▶ WORK INSTRUCTIONS: Output the complete listing exactly, please, and keep the pictures out of it.

▶ THE DATA:
*** Begin section ***

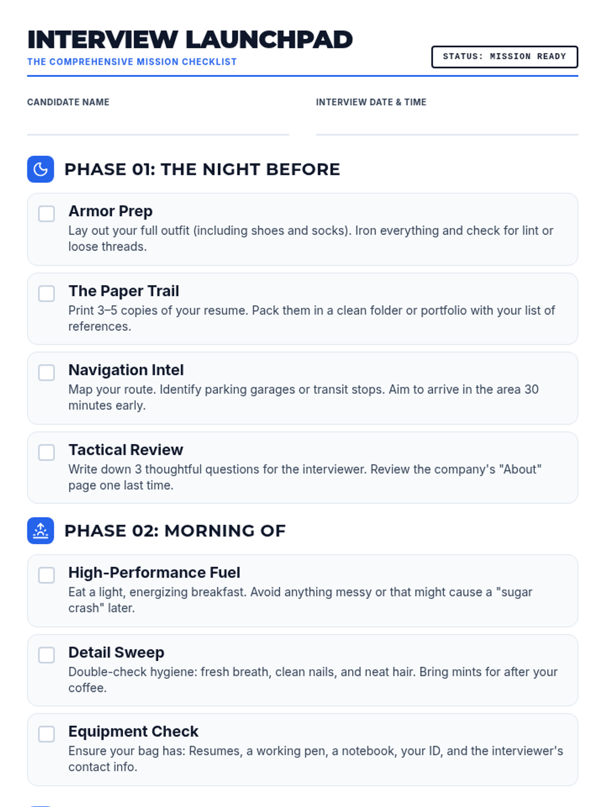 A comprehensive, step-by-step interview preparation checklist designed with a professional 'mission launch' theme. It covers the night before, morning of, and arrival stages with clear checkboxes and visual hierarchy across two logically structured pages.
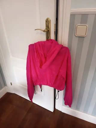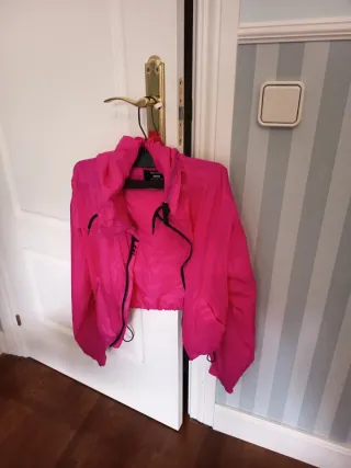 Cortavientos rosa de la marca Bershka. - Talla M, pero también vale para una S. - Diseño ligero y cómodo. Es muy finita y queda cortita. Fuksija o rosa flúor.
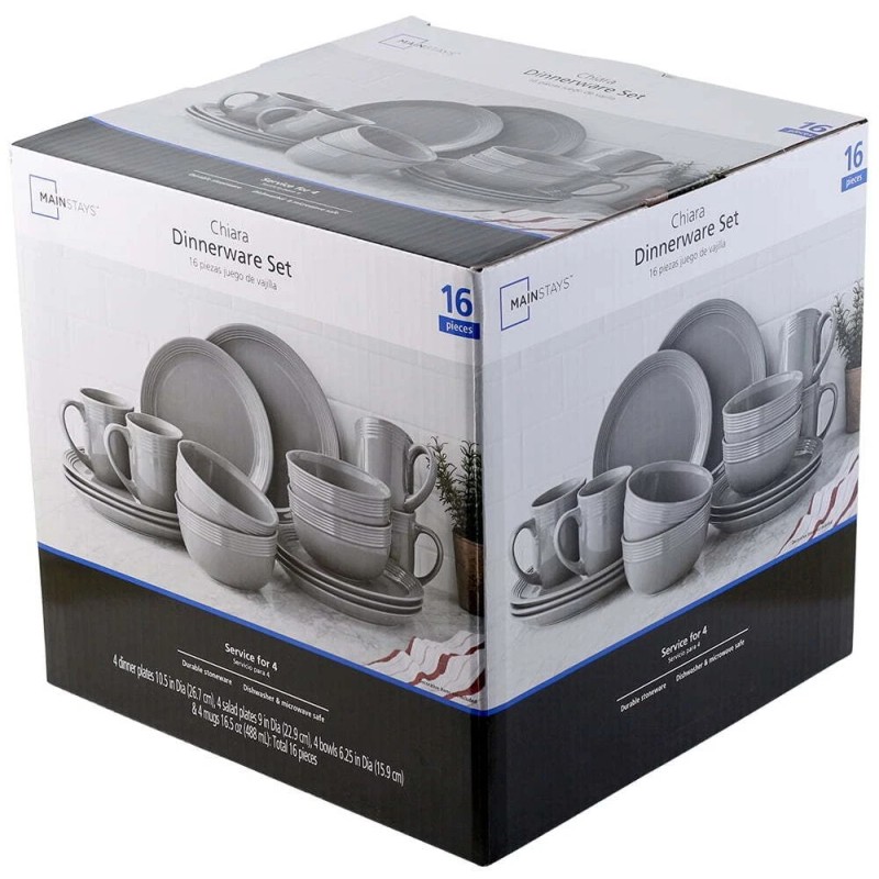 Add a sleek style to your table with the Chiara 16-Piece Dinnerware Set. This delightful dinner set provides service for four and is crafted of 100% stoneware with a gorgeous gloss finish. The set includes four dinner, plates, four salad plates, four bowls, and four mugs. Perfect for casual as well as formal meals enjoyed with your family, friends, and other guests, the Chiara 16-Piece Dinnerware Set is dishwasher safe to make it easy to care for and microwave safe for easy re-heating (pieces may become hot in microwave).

*** End section ***

▶ TASK OUTPUT:
 A comprehensive, step-by-step interview preparation checklist designed with a professional 'mission launch' theme. It covers the night before, morning of, and arrival stages with clear checkboxes and visual hierarchy across two logically structured pages.
 Cortavientos rosa de la marca Bershka. - Talla M, pero también vale para una S. - Diseño ligero y cómodo. Es muy finita y queda cortita. Fuksija o rosa flúor.
 Add a sleek style to your table with the Chiara 16-Piece Dinnerware Set. This delightful dinner set provides service for four and is crafted of 100% stoneware with a gorgeous gloss finish. The set includes four dinner, plates, four salad plates, four bowls, and four mugs. Perfect for casual as well as formal meals enjoyed with your family, friends, and other guests, the Chiara 16-Piece Dinnerware Set is dishwasher safe to make it easy to care for and microwave safe for easy re-heating (pieces may become hot in microwave).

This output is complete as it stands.